SOURCE RECORDS »
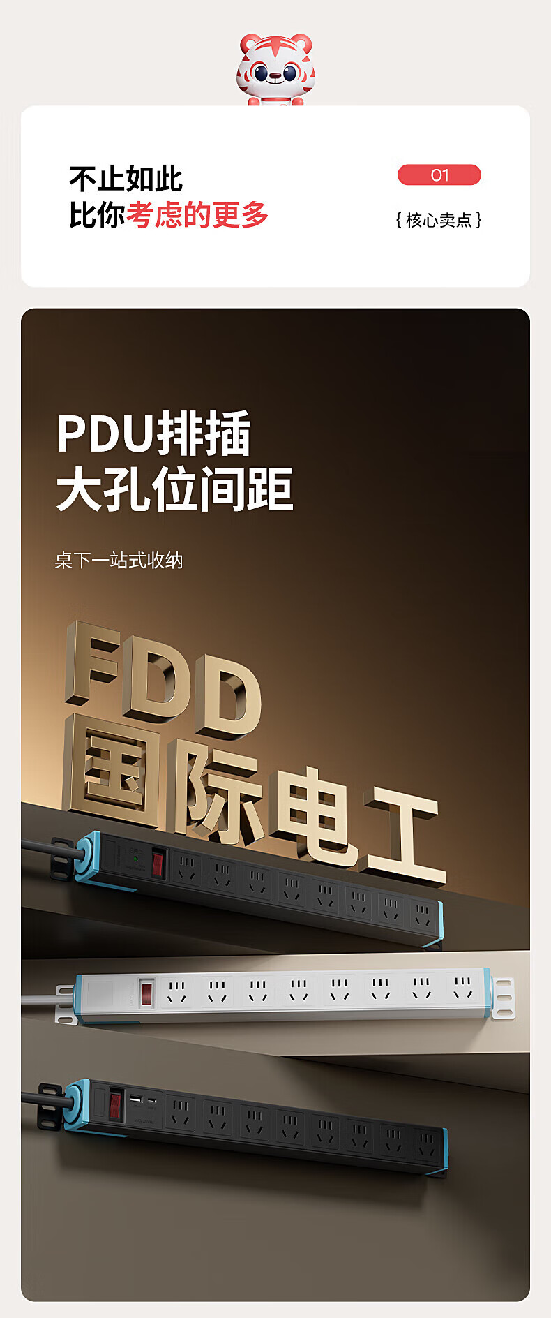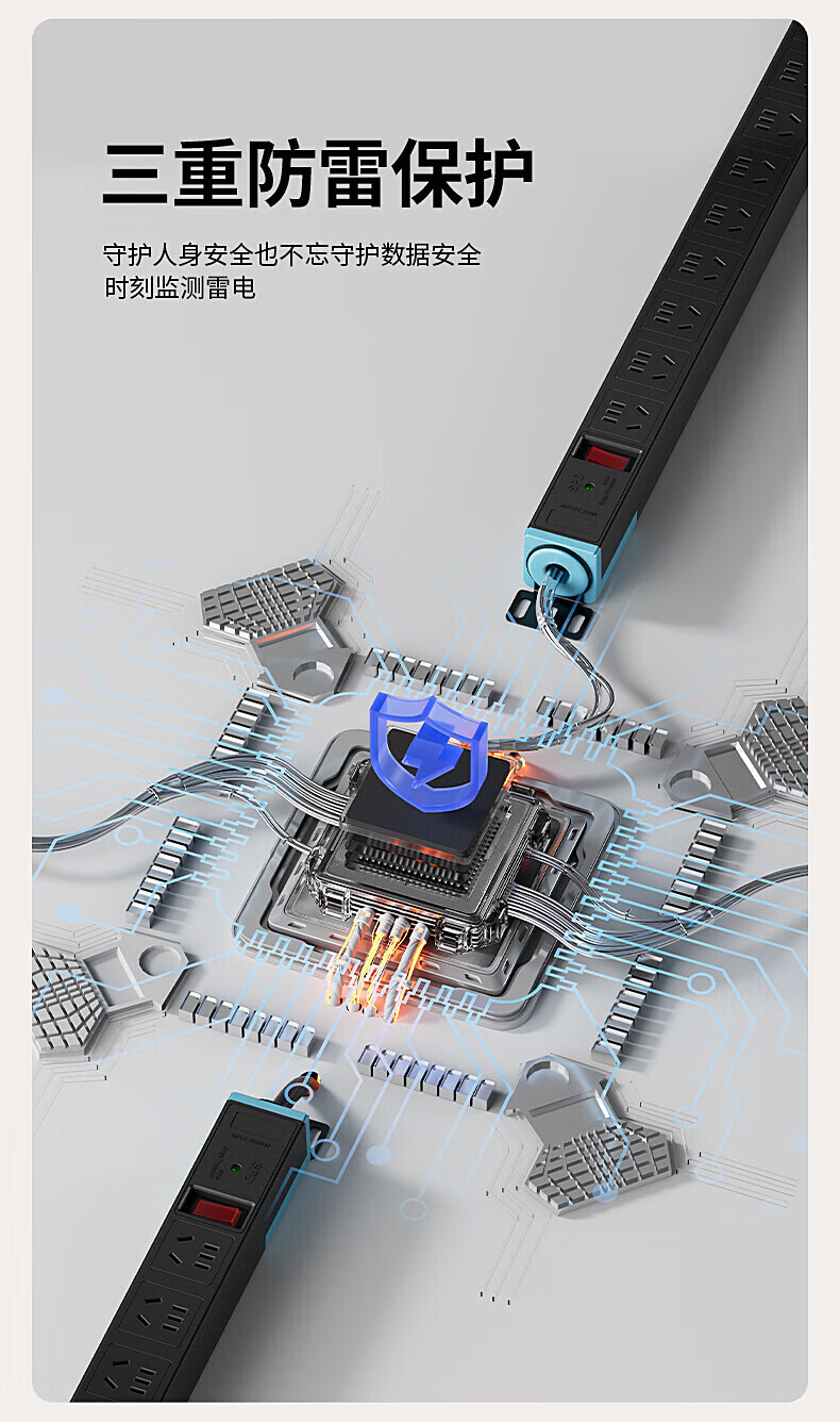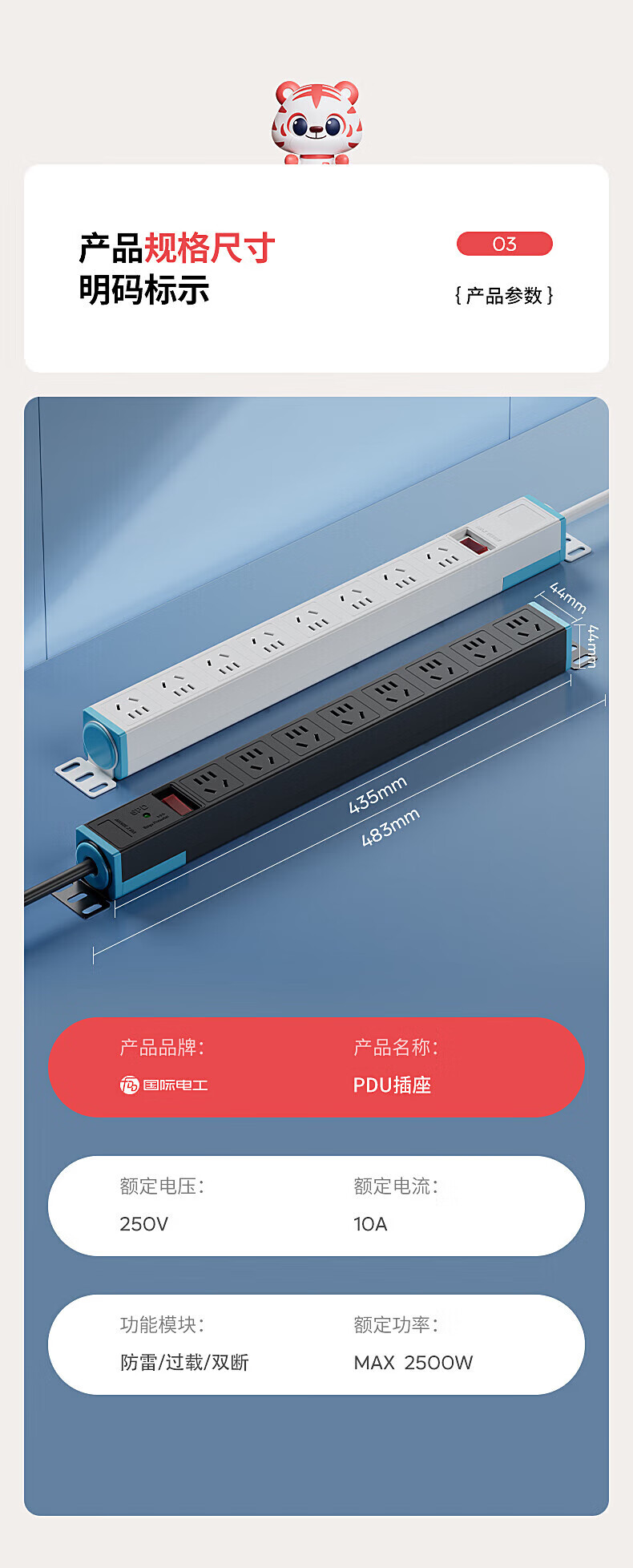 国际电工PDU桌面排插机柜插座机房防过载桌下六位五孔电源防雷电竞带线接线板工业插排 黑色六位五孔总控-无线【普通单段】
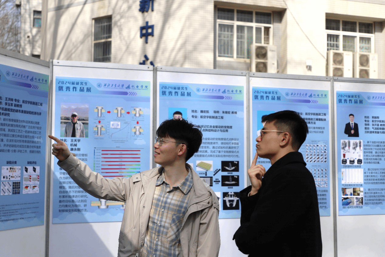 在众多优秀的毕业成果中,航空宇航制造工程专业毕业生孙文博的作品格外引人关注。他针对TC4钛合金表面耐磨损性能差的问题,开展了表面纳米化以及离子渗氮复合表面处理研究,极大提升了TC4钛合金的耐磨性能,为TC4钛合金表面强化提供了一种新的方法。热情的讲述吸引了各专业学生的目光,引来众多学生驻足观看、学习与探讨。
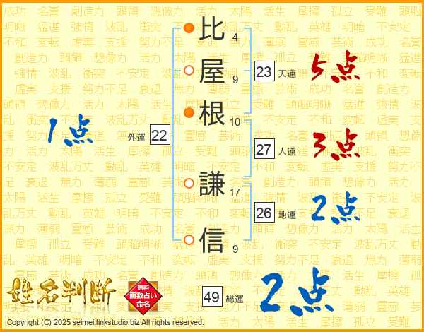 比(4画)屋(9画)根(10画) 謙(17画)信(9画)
...
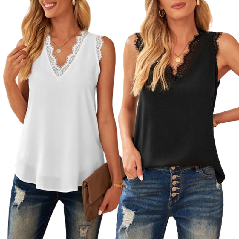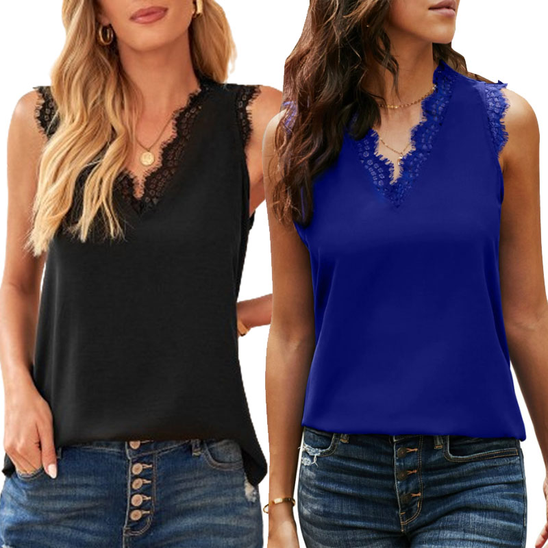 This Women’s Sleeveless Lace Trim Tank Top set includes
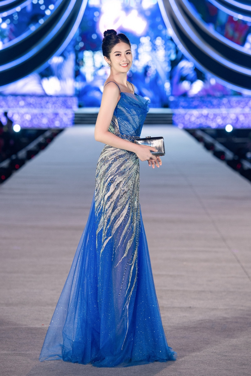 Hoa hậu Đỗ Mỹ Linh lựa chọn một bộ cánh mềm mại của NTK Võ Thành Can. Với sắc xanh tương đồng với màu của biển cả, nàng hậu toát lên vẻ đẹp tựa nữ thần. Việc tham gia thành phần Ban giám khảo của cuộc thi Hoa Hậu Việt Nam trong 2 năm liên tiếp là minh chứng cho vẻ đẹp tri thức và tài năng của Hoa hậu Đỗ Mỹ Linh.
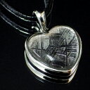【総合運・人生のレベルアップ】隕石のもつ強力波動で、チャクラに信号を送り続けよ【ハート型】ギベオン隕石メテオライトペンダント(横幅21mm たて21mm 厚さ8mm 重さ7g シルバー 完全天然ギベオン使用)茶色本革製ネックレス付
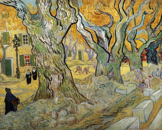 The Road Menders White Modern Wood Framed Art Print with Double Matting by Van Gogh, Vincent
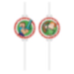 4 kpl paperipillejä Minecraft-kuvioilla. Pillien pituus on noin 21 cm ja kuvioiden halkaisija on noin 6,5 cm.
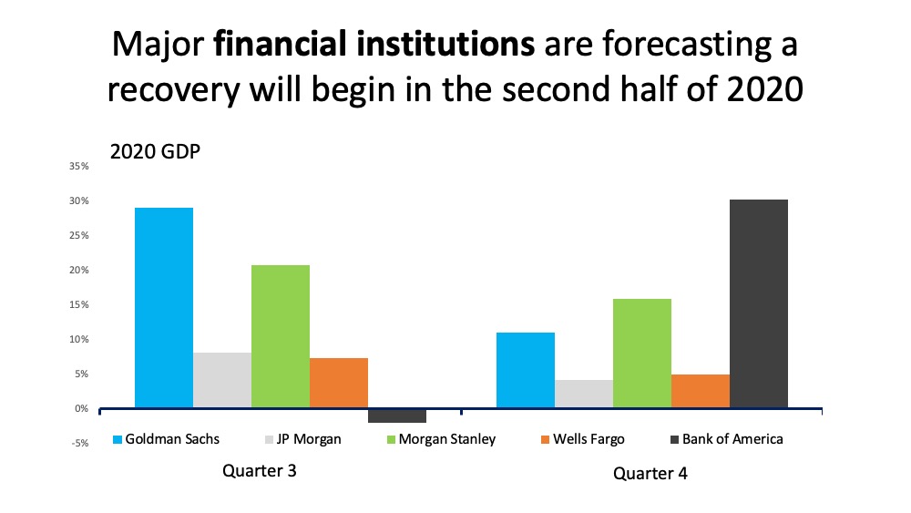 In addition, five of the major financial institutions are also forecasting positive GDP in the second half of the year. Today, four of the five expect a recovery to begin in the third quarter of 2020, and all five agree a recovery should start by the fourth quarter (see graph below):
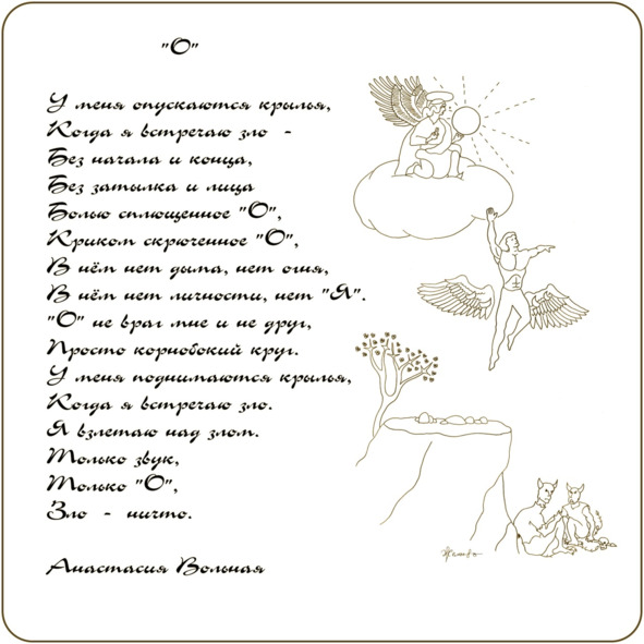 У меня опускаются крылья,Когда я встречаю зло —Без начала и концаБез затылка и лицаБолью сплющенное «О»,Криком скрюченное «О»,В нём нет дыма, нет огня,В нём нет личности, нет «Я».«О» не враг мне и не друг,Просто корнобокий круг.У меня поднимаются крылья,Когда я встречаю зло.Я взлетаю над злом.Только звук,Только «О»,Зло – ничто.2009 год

WHAT IS NEEDED » Beginning with the line holding "In addition, five" in the material above, restate word for word each line through the line holding "У меня опускаются", and exclude pictures.

TASK ANSWER »
 In addition, five of the major financial institutions are also forecasting positive GDP in the second half of the year. Today, four of the five expect a recovery to begin in the third quarter of 2020, and all five agree a recovery should start by the fourth quarter (see graph below):
 У меня опускаются крылья,Когда я встречаю зло —Без начала и концаБез затылка и лицаБолью сплющенное «О»,Криком скрюченное «О»,В нём нет дыма, нет огня,В нём нет личности, нет «Я».«О» не враг мне и не друг,Просто корнобокий круг.У меня поднимаются крылья,Когда я встречаю зло.Я взлетаю над злом.Только звук,Только «О»,Зло – ничто.2009 год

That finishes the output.